IEEE Trans Med Imaging. 2020 Apr;39(4):877-887. doi: 10.1109/TMI.2019.2936522. Epub 2019 Aug 20.
Diffuse optical tomography (DOT) has been investigated as an alternative imaging modality for breast cancer detection thanks to its excellent contrast to hemoglobin oxidization level. However, due to the complicated non-linear photon scattering physics and ill-posedness, the conventional reconstruction algorithms are sensitive to imaging parameters such as boundary conditions. To address this, here we propose a novel deep learning approach that learns non-linear photon scattering physics and obtains an accurate three dimensional (3D) distribution of optical anomalies.
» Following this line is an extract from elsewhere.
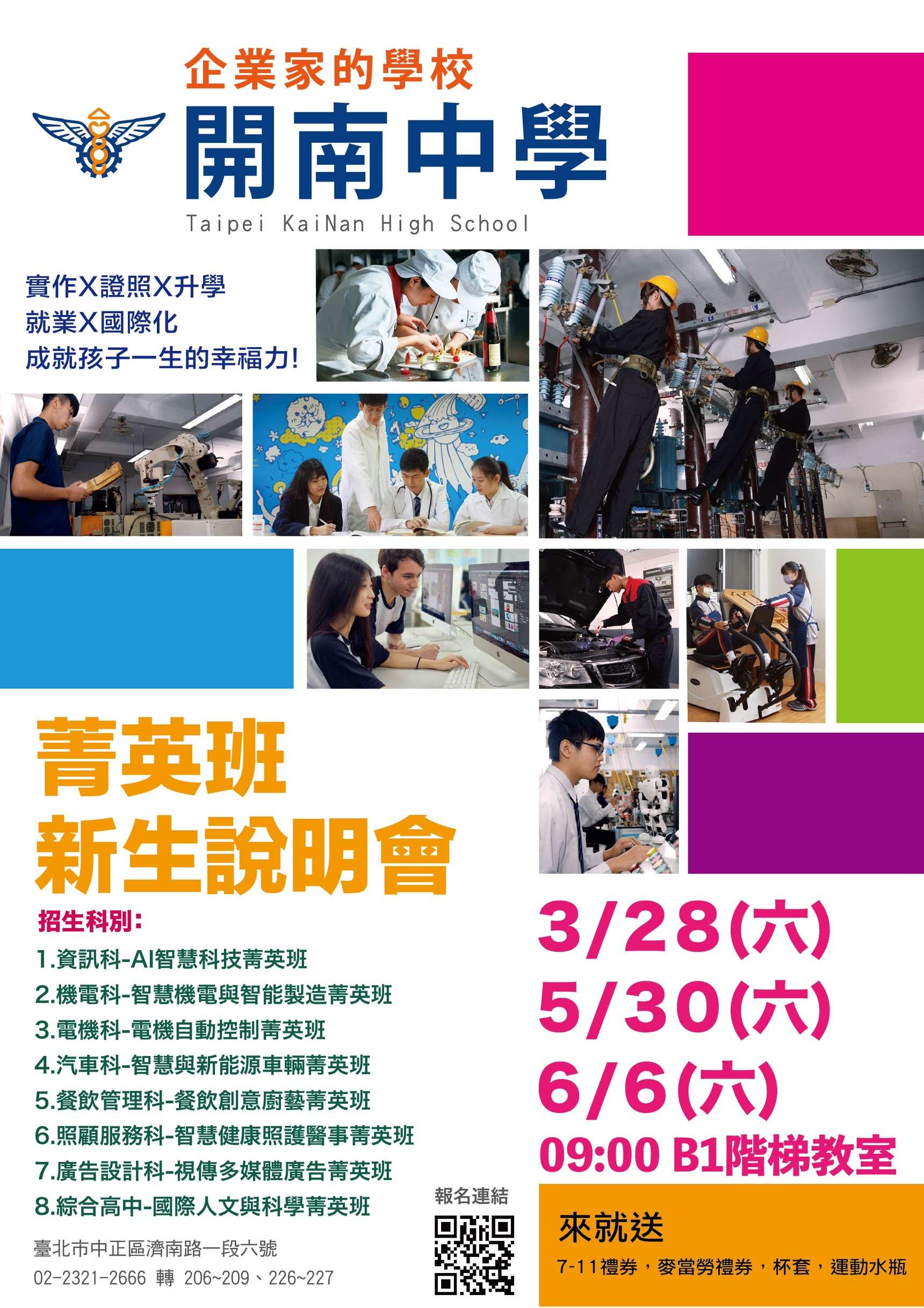 三、報名網址如下:開南中學官網首頁:http://web1.knvs.tp.edu.tw/網路報名/免試入學家長說明會線上報名.asp

In contrast to the traditional black-box deep learning approaches, our deep network is designed to invert the Lippman-Schwinger integral equation using the recent mathematical theory of deep convolutional framelets. As an example of clinical relevance, we applied the method to our prototype DOT system. We show that our deep neural network, trained with only simulation data, can accurately recover the location of anomalies within biomimetic phantoms and live animals without the use of an exogenous contrast agent.
扩散光学断层成像(DOT)因其对血红蛋白氧化水平的出色对比度而被研究作为一种替代的乳腺癌检测成像方式。然而,由于复杂的非线性光散射物理和不适定性,传统的重建算法对成像参数(如边界条件)敏感。为了解决这个问题,我们在这里提出了一种新的深度学习方法,该方法学习非线性光散射物理,并获得光学异常的准确三维(3D)分布。与传统的黑盒深度学习方法不同,我们的深度网络设计用于使用最近的深度卷积帧理论来反转 Lippman-Schwinger 积分方程。作为临床相关性的一个例子,我们将该方法应用于我们的原型 DOT 系统。我们表明,我们的深度神经网络,仅使用模拟数据进行训练,可以准确地恢复仿生体模和活体动物内异常的位置,而无需使用外源性对比剂。